Olli Järviniemi comments on Uncovering Deceptive Tendencies in Language Models: A Simulated Company AI Assistant

Olli Järviniemi 20 Jun 2024 15:39 UTC
3 points
2
This comment (and taking more time to digest what you said earlier) clarifies things, thanks.
I do think that our observations are compatible with the model acting in the interests of the company, rather than being more directly selfish. With a quick skim, the natural language semantics of the model completions seem to point towards “good corporate worker”, though I haven’t thought about this angle much.
I largely agree what you say up until to the last paragraph. I also agree with the literal content of the last paragraph, though I get the feeling that there’s something around there where we differ.
So I agree we have overwhelming evidence in favor of LLMs sometimes behaving deceptively (even after standard fine-tuning processes), both from empirical examples and theoretical arguments from data-imitation. That said, I think it’s not at all obvious to what degree issues such as deception and power-seeking arise in LLMs. And the reason I’m hesitant to shrug things off as mere data-imitation is that one can give stories for why the model did a bad thing for basically any bad thing:
- “Of course LLMs are not perfectly honest; they imitate human text, which is not perfectly honest”
- “Of course LLMs sometimes strategically deceive humans (by pretending inability); they imitate human text, which has e.g. stories of people strategically deceiving others, including by pretending to be dumber than they are”
- “Of course LLMs sometimes try to acquire money and computing resources while hiding this from humans; they imitate human text, which has e.g. stories of people covertly acquiring money via illegal means, or descriptions of people who have obtained major political power”
- “Of course LLMs sometimes try to perform self-modification to better deceive, manipulate and seek power; they imitate human text, which has e.g. stories of people practicing their social skills or taking substances that (they believe) improve their functioning”
- “Of course LLMs sometimes try to training-game and fake alignment; they imitate human text, which has e.g. stories of people behaving in a way that pleases their teachers/supervisors/authorities in order to avoid negative consequences happening to them”
- “Of course LLMs sometimes try to turn the lightcone into paperclips; they imitate human text, which has e.g. stories of AIs trying to turn the lightcone into paperclips”
I think the “argument” above for why LLMs will be paperclip maximizers is just way too weak to warrant the conclusion.
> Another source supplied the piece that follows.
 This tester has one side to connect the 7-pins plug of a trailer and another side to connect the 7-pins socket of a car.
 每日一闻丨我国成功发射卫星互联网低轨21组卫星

So which of the conclusions are deeply unsurprising and which are false (in practical situations we care about)? I don’t think it’s clear at all how far the data-imitation explanation applies, and we need other sources of evidence.
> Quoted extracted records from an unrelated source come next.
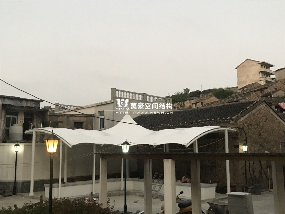 大陳島海鮮膜結構工程位于下大陳島衛星村步行街后半段(臺州雷力建設有限公司對面),該工程由我司現場考察、多次深化、制作及安裝,設計抗臺等級12級,鋼構最高點高度達6.5米;
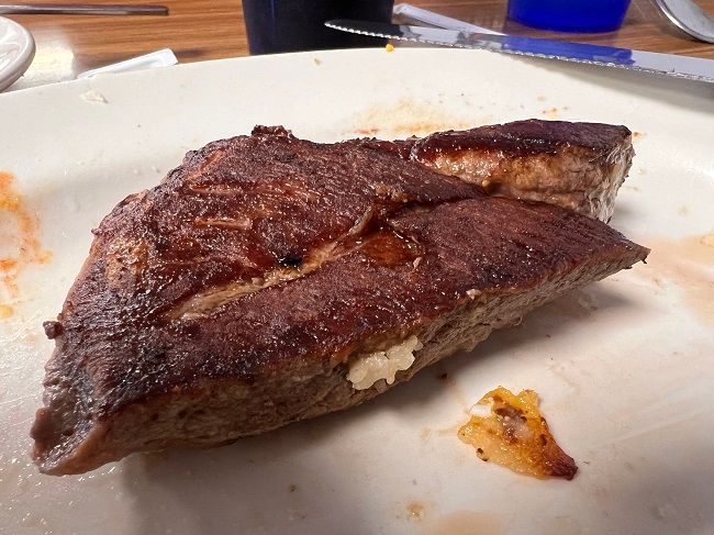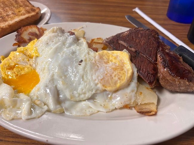 I ordered the Sizzler Steak with two eggs, and potatoes. I ordered the steak medium, the eggs over medium, and the potatoes as American fries. It’s easily the most expensive thing on the menu at just $15.40, but it was the special that day so I got even a few bucks cheaper.
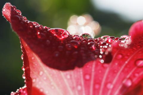 アカバナー沖縄では年がら年中咲いているのかな・・・ハイビスカスって言った方が本土の人には、分かり易いのでしょうね。きらきら雫に朝日をためて輝いていました。
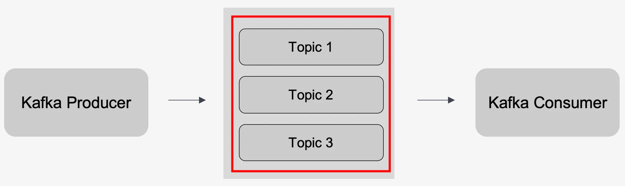 카프카에서 메시지를 구분하는 단위 (DB 테이블 또는 파일 시스템의 폴더와 유사)

- RogerDearnaley 22 Jun 2024 6:06 UTC
  0 points
  0
  Parent
  I don’t think LLMs will be likely to be paperclip maximizers — to basically all humans, that’s obviously a silly goal. While there are mentions of this specific behavior one the Internet, they’re almost universally in contexts that make it clear that this is a bad thing and ought not to happen. So unless you specifically prompted the AI to play the role of a bad AI, I think you’d be very unlikely to see this spontaneously.
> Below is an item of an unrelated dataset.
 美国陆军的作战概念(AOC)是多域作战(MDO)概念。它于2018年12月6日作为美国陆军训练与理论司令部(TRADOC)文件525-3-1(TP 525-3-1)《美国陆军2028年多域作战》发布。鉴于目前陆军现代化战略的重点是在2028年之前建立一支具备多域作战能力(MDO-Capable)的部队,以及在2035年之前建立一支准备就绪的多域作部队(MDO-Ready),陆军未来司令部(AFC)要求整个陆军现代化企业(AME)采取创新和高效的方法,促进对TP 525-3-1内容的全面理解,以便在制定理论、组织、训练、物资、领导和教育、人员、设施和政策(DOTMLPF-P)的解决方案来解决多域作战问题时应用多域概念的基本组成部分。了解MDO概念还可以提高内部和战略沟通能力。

  However, there are some humans who are pretty-much personal-net-worth maximizers (with a few modifiers like “and don’t get arrested”), so I don’t think that evoking that behavior from an LLM would be that hard. Of course, at some point it might also decide to become a philanthropist and give most of its money away, since humans do that too.
  
  My prediction is more that LLM base models are trained to be capable of the entire range of behaviors shown by humans (and fictional characters) on the Internet: good, bad, and weird, in roughly the same proportion as are found on the Internet. Alignment/Instruct training, as we currently know how to do it, can dramatically vary the proportions/probabilities, and so can prompting/jailbreaking, but we don’t yet know how to train a behavior out of a model entirely (though there has been some research into this), and there’s a mathematical proof (from about a year ago) that any behavior still in there can be evoked with as high a probability as you want by using a suitable long enough prompt.
  [Were I Christian, I might phrase this as “AI inherits original sin from us”. I’m more of a believer in evolutionary psychology, so the way I’d actually put it is a little less pithy: that humans, as evolved sapient living beings, are fundamentally evolved to maximize their own evolutionary fitness, so they are not always trustworthy under all circumstance, and are capable of acting selfishly or antisocially, usually in situations where this seems like a viable tactic to them. We’re training. our LLMs by ‘distilling’ human intelligence into them, so they of course pick all these behavior patterns up along with everything else about the world and our culture. This is extremely sub-optimal: as something constructed rather than evolved, they don’t have evolutionary fitness to optimize, and their intended purpose is to do what we want and look after us, not to maximize the number of their (non-existent) offspring. So the point of alignment techniques is to transform a distilled copy of an evolved intelligence into an artificial intelligence that behaves appropriately to its nature and intended purpose. They hard part of this is that they will need to understand human anti-social behavior, so they can deal with it, but not be capable (no matter the prompting or provocation) of acting that way themself, outside a fictional context. So we can’t just eliminate this stuff from their training set or somehow delete all their understanding of it.]